Friday, June 18, 2010

This is the Story

"And bring the fatted calf here and kill it,and let us eat and be merry; 24 for this my [child] was dead and is alive again; [s]he was lost and is found.’ And they began to be merry."
- Luke 15:22b

As I sit down to write, the events of the past four days seem like a surreal roller coaster of sorts, a high-speed train ride into a dark tunnel and back out into the light. 

This is what happened, as best I can tell it. 

On Monday, our friends Suzanne and AJ invited us to their home for dinner, trying to give me a break since Tim has been sick for days and days. Tim was ready to be up off the bed, so agreed to go along. We arrived with swimsuits, towels and appetites to find a full cast already assembled. I'll name them here since every one played a role in our near tragedy and resulting miracle. The Ard family -- Cary and Karen with their younger daughters, Tiffany and Anna. Troy Bryant with his two kids. David Rodriguez, whom Caroline greeted with a big hug and "When are you coming over?" Mike Wollenman. Tino Nguyen. Trevor Walker. Sam Walker. Drew Roicki. And of course, Suzanne and AJ with their three kids. 

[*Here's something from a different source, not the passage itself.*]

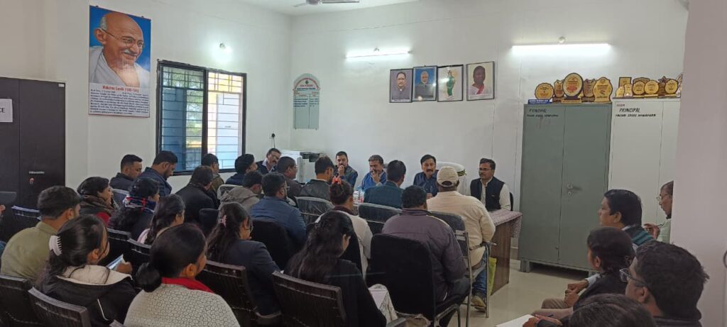 सूरजपुर कलेक्टर श्री एस. जयवर्धन के निर्देशानुसार जिले में शिक्षा गुणवत्ता में विशेषकर कक्षा 10वीं एवं 12वीं की बोर्ड परीक्षाओं में बेहतर परीक्षा परिणाम हेतु पीएमश्री सेजेस नवापारा, जिले के समस्त सेजेस के प्राचार्यों एवं प्रत्येक सेजेस विद्यालय से 02 वरिष्ठ व्याख्याताओं का जिला शिक्षा अधिकारी श्री अजय मिश्रा के द्वारा बैठक लिया गया। बैठक में डी.एम.सी. मनोज साहू, ए.डी.पी.ओ.रविन्द्र प्रताप सिंहदेव, श्री दिनेश द्विवेदी, नोडल प्राचार्य पी.सी. सोनी, शा.क.उ.मा.वि. बिश्रामपुर, प्राचार्य श्री आशीष भट्टाचार्य भी शामिल रहे। बैठक में जिला शिक्षा अधिकारी द्वारा शैक्षणिक गुणवत्ता में सुधार एवं उत्कृष्ट परीक्षा परिणाम हेतु विस्तृत समीक्षा की गई एवं शत्-प्रतिशत प्रथम स्थान प्राप्त करने हेतु निर्देशित किया गया। तत्पश्चात् छात्र/छात्राओं व शिक्षकों से कक्षा में जाकर संवाद करते हुए विद्यालय में शत्-प्रतिशत उपस्थिति एवं परीक्षा हेतु बचे हुए दिनों में गहन अध्ययन-अध्यापन हेतु निर्देशित किया गया।

After dinner, I went outside to check on the kids, help one of them find a swimsuit, and see how Tim was doing. We chatted a bit with Troy and then I decided to see if I could give Suzanne a hand in the kitchen, since there seemed to be adequate adults to handle the 6-7 kids in the pool and hot tub. When I left, Caroline was in the hot tub with a couple other kids. 

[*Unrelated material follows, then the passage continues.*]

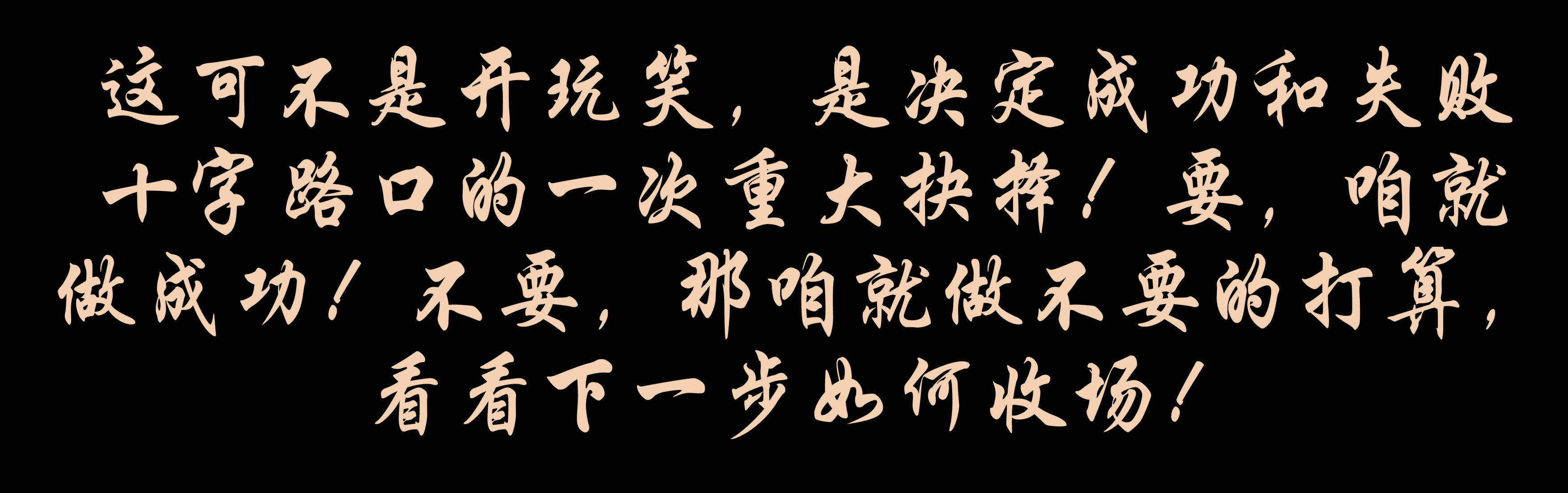 這可不是開玩笑,是決定成功和失敗十字路口的一次重大抉擇!要,咱就做成功!不要,那咱就做不要的打算,看看下一步如何收場!

As I helped washed dishes, Bethany Ard arrived. Bethany, age 17, doesn't usually attend these Monday night dinners, but due to a scheduling snafu by her boss, she hadn't been assigned to work that night. Her dad, who's involved with the football players and often brings them to dinner, asked her to come by, and whereas normally she might have other plans, she decided that why not, she'd pop her head in and say hi that night. As she, her mom (Karen), Suzanne and I chatted, Bethany relayed to us how three days ago, she had saved a swimmer in distress for the first time in her 2-3 years as a lifeguard. 


Just as she finished telling the story, someone burst into the kitchen shouting, "Caroline fell in the pool!" Now, honestly, my first reaction was one of only mild concern. Our four year old jumps into the pool regularly, and can swim a few feet to a waiting adult. She can also climb out of the pool on her own. If she's in water over her head, she always has a float ring on or is with an adult. So I walked, not ran, to the door, thinking that maybe she'd tripped, and that I'd see a wet husband and a sputtering child who needed a hug from Mom. 

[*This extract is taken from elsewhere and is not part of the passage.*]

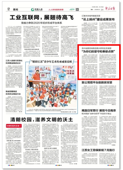 “你们扎根贵州开展支教服务、帮扶留守儿童、助力脱贫攻坚,为你们的坚守和奉献点赞,也为你们的成长和进步感到欣慰。”5月23日,扬州大学研究生支教团的志愿者们收到了贵州省委书记孙志刚的来信,孙志刚在信中这样为他们点赞。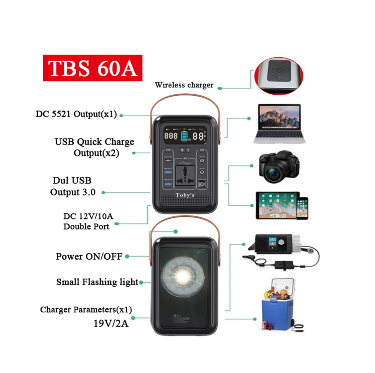 Enjoy a reliable, portable power source with the Toby's TBS 60A Power Station . Featuring a 300V power adapter and a multi-functional design, it's ideal for travel, camping, and emergency situations.

Instead, what greeted my eyes and ears was a scene of complete horror. Children, especially my own son, were crying hysterically. Adults were running around shouting, someone yelling, "CALL 9-1-1!" Daddy was fully clothed, but not wet. And my child was limp, unconscious, bluish, and what little I could see of her eyelids were rolled back in her head. 


I cannot tell you the exact sequence of events that transpired over the next ten minutes. I remember Tim doing something to get her to vomit. I remember the children disappearing (later I discovered that Suzanne had herded them all inside and downstairs). I remember the sudden quiet. I remember holding onto my baby and hearing her father plead with her to come back to us. I remember Bethany kneeling down and beginning the chest compressions. I remember Tim tipping her head back and blowing into her mouth as I just held her by the hands. 


I remember AJ talking to the 9-1-1 dispatcher, holding up the phone so we could hear her instructions. I remember turning my head to see David standing behind me and asking him to have the guys downstairs PRAY. I remember him quietly responding, "They already are." I remember the blessed sound of the sirens and the even more beautiful sound of her ragged breaths as they became slow but regular. 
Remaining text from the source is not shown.